Have Fun and Enjoy!!!!


----------



## athabaskar (Sep 8, 2010)

I'm with the Cob. It's all about quality of life, not quantity. Everything is here to be enjoyed in moderation. If you stuff enough of anything down a rats face eventually it will get a cancer. I'd rather live happy than die afraid.


----------



## northern greenhorn (Sep 8, 2010)

All of the above is true but, I'm willing to bet that you'd have more health issues from eating fast food 3 times a week, then you'd have from the same amount of smoked meats, plus it taste a helluva lot better.


----------



## jirodriguez (Sep 8, 2010)

.... also your not going to get the "carcinogens from that and the burnt outer skin and stuff and that seeping into the meat", smoking is not using high heat - smoking is generally done between 200° and 250°.


----------



## mballi3011 (Sep 8, 2010)

I think that smoking is a really good and healthy way to prepare many of the dishes we do here. Now I'm a fatter kid now that I have almost quit working and started to smoke and cooking more foods of the not so healthy but really darn tastey versions. Now the food we all make here is really tastey and alot of the fat is cooked out of the meat too. We could be doing this in the oven while letting the meat sit in a nice pool of it's own fat and greases. But grilling and smoking is much more healthier then the oven and on top of the stove anyhow.


----------



## richoso1 (Sep 8, 2010)

Bubba, welcome to the SMF. I'm not going to move your thread to roll call, this may give others a chance to chime in on your situation.

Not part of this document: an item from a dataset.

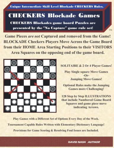 Blockade CHECKERS focuses on the elements of strategy and game piece maneuvering techniques. A Player's HOME area squares are also the opponent's destination, VISITORS area squares. Players move game pieces from their starting positions, the HOME area squares on one end of a Checker board to their VISITORS squares on the opposing end or corner of the game board. Three Essential Rules make playing these "No Capture" Games on a Checker Board with a limited number of empty spaces available for maneuvering game pieces Possible! The resulting Blockade CHECKERS gaming experiences have unique strategies to discover, and although not a game of Chance, funny surprises may occur! The "Blockade No Forward Moves" command that is called out at the beginning of a turn before making a game piece move is a necessary game feature! When a Player Calls Out "Blockade" Normal turns to make a move become Paused while all of the Player's opponents make a specified Blockade Removing Move. When the Paused game play begins again, the Player that called out "Blockade" resumes their normal turn to make a move. Two and Four Player games must have a "Vacate " command. A Backward Move Option Rule must be available also. Meeting the backward game piece movement Rule requirements enables a Players ability to Call Out "Vacate My VISITORS Area"! "Vacate" is called out at the end of a Players turn to make a move. After "Vacate" has been Called Out by a Player, All of the other Players turns to move a game piece become restricted. Making qualifying Vacate a VISITORS Area game piece movements becomes the only way to take a turn to make a move! A new opportunity for taking a normal turn to move a game piece becomes available if another Vacating move requirement is not being imposed by any of the Opponents. Causing Blockades, setting up and repeating Vacating Move Traps and Isolating game pieces are Two and Four Player Blockade CHECKERS Game Strategies. However, a player must plan ahead and allow for good game piece positioning during the end game or else their game pieces will start to incorrectly assemble on their VISITORS area squares! Effective strategy, must be coupled with efficient game piece maneuvering techniques for good Point System Scores while playing Sets of Solitaire games and during Competion in a Two -or- Four Player Game. Solitaire Blockade CHECKERS games are played without the presence of an opponent's strategy tactics. Therefore, the Vacate My VISITORS Area rule set is not required during a game of Solitaire. When playing Two Player and Solitaire games a WHITE game piece is moved first, a BLACK game piece must be moved after every move that is made with a WHITE Game Piece! To Win a game of Solitaire, complete the occupying of WHITE's VISITORS area squares. A Solitaire Player's game is Declared a Winner when BLACK's VISITORS area is simultaneously occupied after the completion of the last, game ending BLACK Game Piece move! Similarly, a competitive game that ends in the same way as a Winning Solitaire Game does is also a Two Player Game Tie Score! Essential Rules, Explanations, Game Variations and Examples with 128 corresponding Illustrations are in the 8.5X11 inch, 128 Page Blockade CHECKERS book. Illustration Dialogue and the corresponding Illustration appear on the same page. The Illustrations feature Number plus Letter square identification and game piece movement indicating Arrows. Chapters for Single move, Jumping move, and Four Player games, are included. Choose larger or smaller game boards for more or less challenging Games. Game Board Illustrations in the front and back cover areas can be used for playing Blockade CHECKERS games on the following Checker board sizes, 6X6; 6X8; 8X8; & 10X10. All of these Tournament Capable Rule explanations are written with Elementary Dictionary words. Point sytem Scoring, Foul Resoloution and Junior Player Handicapping recomendations complete the book!

Maybe you can do a littler research on some well know Q celebs and the way they BBQ. Also consider mentioning how many of the big/great Q joints have not been shut down for health reasons.I would not be concerned about the general consensus, I would concentrate on given facts. It's all good my friend.


----------



## princess (Sep 8, 2010)

I won't cook with margarine.

I can't cook with MSG.

I think Cool Whip should be banned.

But you will have to pry my smoker from my cold dead hands. ;)

You gotta weigh the risks vs rewards and make your choices accordingly. Everything in moderation. I like bacon. I don't eat it every day.

I got a real giggle from a "wife-of-my-husband's-friend" who tried to tell me how unhealthy my food choices are. Mind you, she owns her own tanning bed, smokes a half a pack a day and drives without her seatbelt.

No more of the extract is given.